Instead, in accordance with the invention, preference is given as
set forth in claim 13--preferably with the special features as set
forth in claims 14 to 18--to a shaping serving not only to enhance
the dimensional stability of the blades but, where necessary, also
effecting their thickness.
[0026] It is especially the driving power of the corresponding
blower and the noise it develops that are further reduced. Also
contributing to such positive effects is the fact that the warmed
refrigerated air forwarded by the blades of the axial blower is now
received by the corresponding blade radially to radially outwards
with some time delay.
[0027] Claim 19 firstly recites in its own preamble a restriction
to the taken-over features of conventional annular parts. In the
further development as it reads from claim 19 and the preferred
further aspects thereof as set forth in claims 20 and 21 the
preferred embodiment of an annular part used in the scope of the
invention is detailed. Configuring a flange structure in accordance
with the invention for supporting and, where necessary, securing
the annular part to the transverse wall of the shaft is achieved in
that the flow directors are now arranged in the radial inner space
to the side of the sleeve part, where possible, as claimed in claim
21, along the whole axial extent of the inner cross-section of the
chute to maximize the flow whilst being directly connected to the
front side of the rear wall of the container with a continuation in
a corresponding side flange structure radially further outwards
back in the direction of the transverse wall, this flange structure
being resolved tongued to advantage.
[0028] The surprising boost in the efficiency simply by replacing
the conventional annular part--as also used by the applicant
hitherto--by an annular part in accordance with the invention as
detailed by the example configurations will now become clear from a
discussion of the following trial comparisons.

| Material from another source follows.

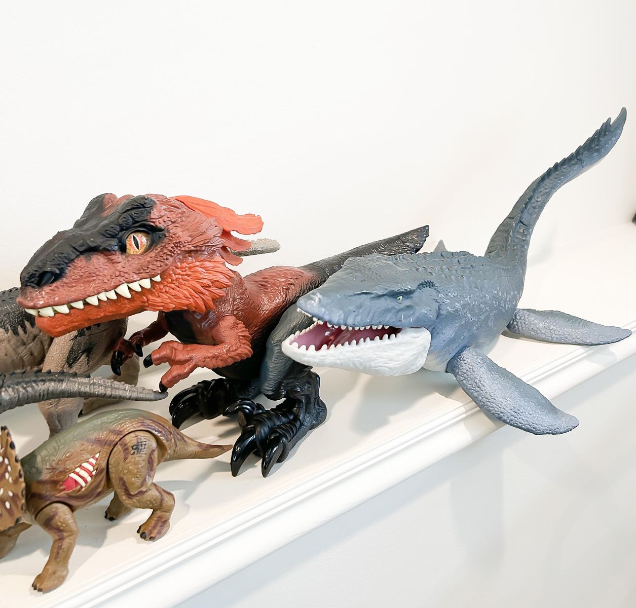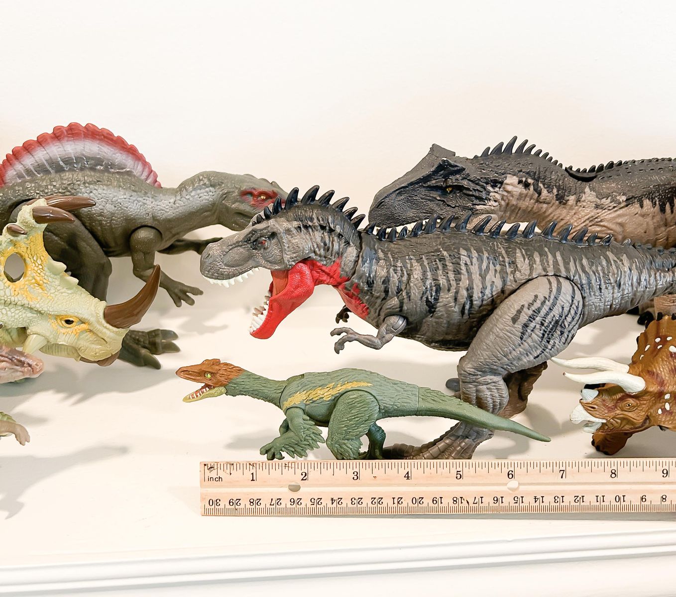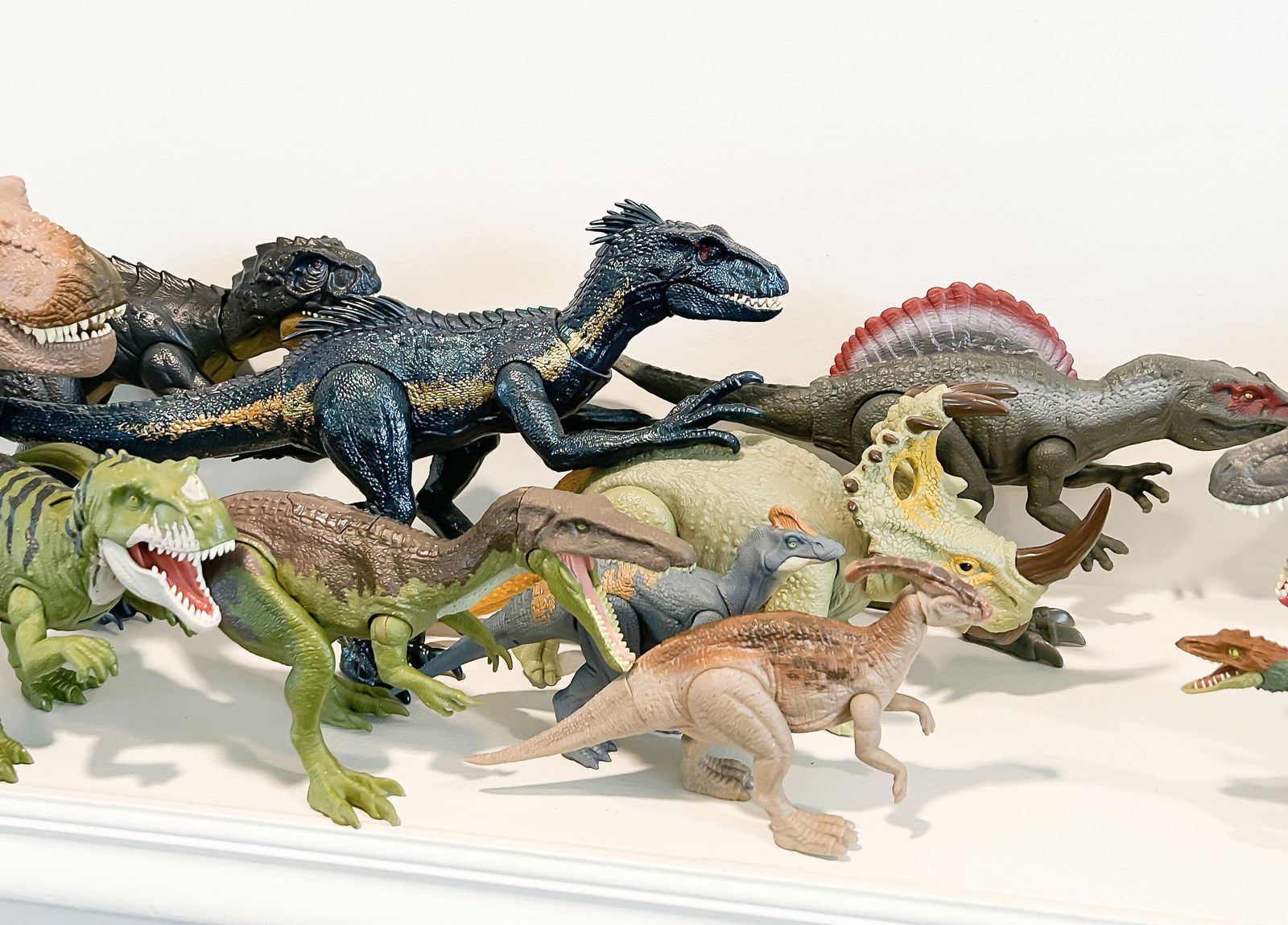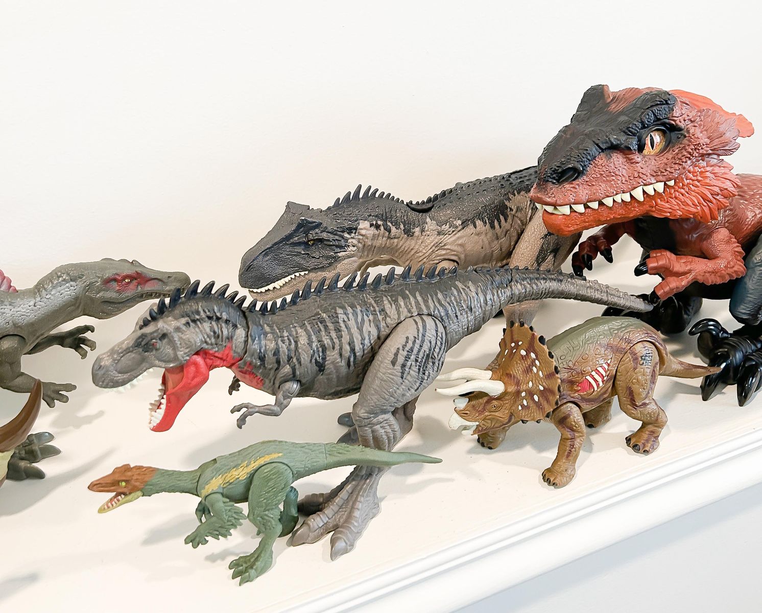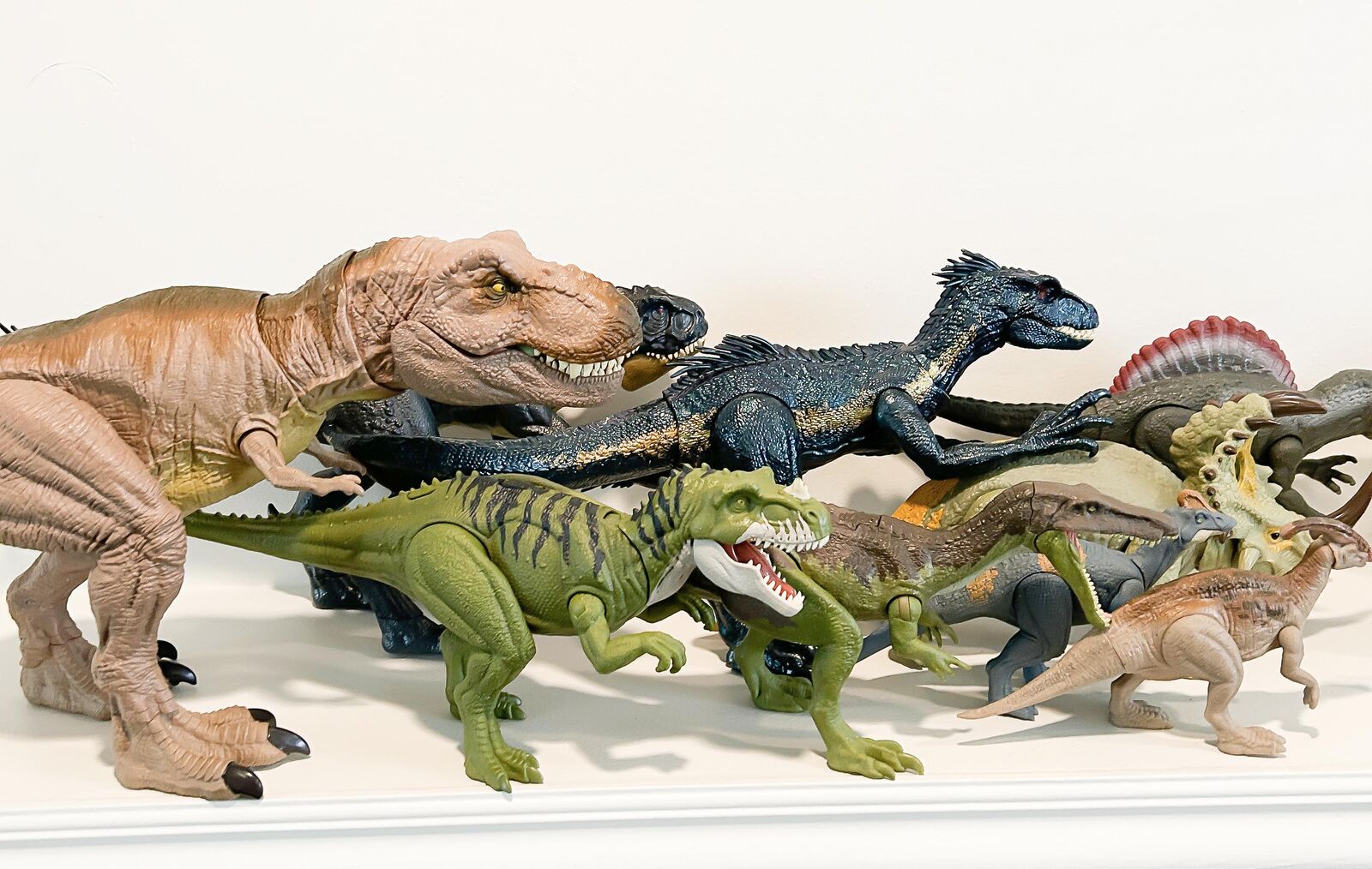 Venmo15 dinosaurs in total of different sizes from Jurassic World; many of these make sounds and one even lights up and moves.

[0029] These trial comparisons demonstrate, for one thing,
quantitively to what degree especially the power consumption
(wattage) of an electric powered axial blower can be altered by the
modification of the annular part in accordance with the invention
simply by replacing the known annular part by the novel one.
[0030] For another thing, there is also an interaction with the
geometry especially of the blades of the axial blower for which no
systematic trial comparison results are available at this time.
[0031] The axial blower was operated in the trial comparisons still
with straight blades pitched 19, 22 and 25 degrees (standard).
[0032] In all cases the motor powering the axial blower was an
electric gearless motor switched two and four pole for low and high
speed respectively.
[0033] Trial Results
TABLE-US-00001 conventional, pitch 25 novel, novel, novel,
(Standard) pitch 19 pitch 22 pitch 25 Power consumption: wattage 60
hz fast 1657 985 1280 1430 60 hz slow 375 228 265 285 50 hz fast
1008 617 800 870 50 hz slow 283 181 204 213 m3/hour air flow 60 hz
fast 5625.06 5420.76 6209.36 6428.64 60 hz slow 2906.51 2615.58
3132.60 3234.75 50 hz fast 4791.52 4459.19 5239.61 5435.47 50 hz
slow 2397.12 2141.06 2557.02 2651.81
[0034] This already makes it evident that the power consumption of
the axial blower can now be reduced by 13 to 40% even without
taking into account any adaptation of the blade geometry of the
axial blower in the high speed mode (460 V, 60 Hz).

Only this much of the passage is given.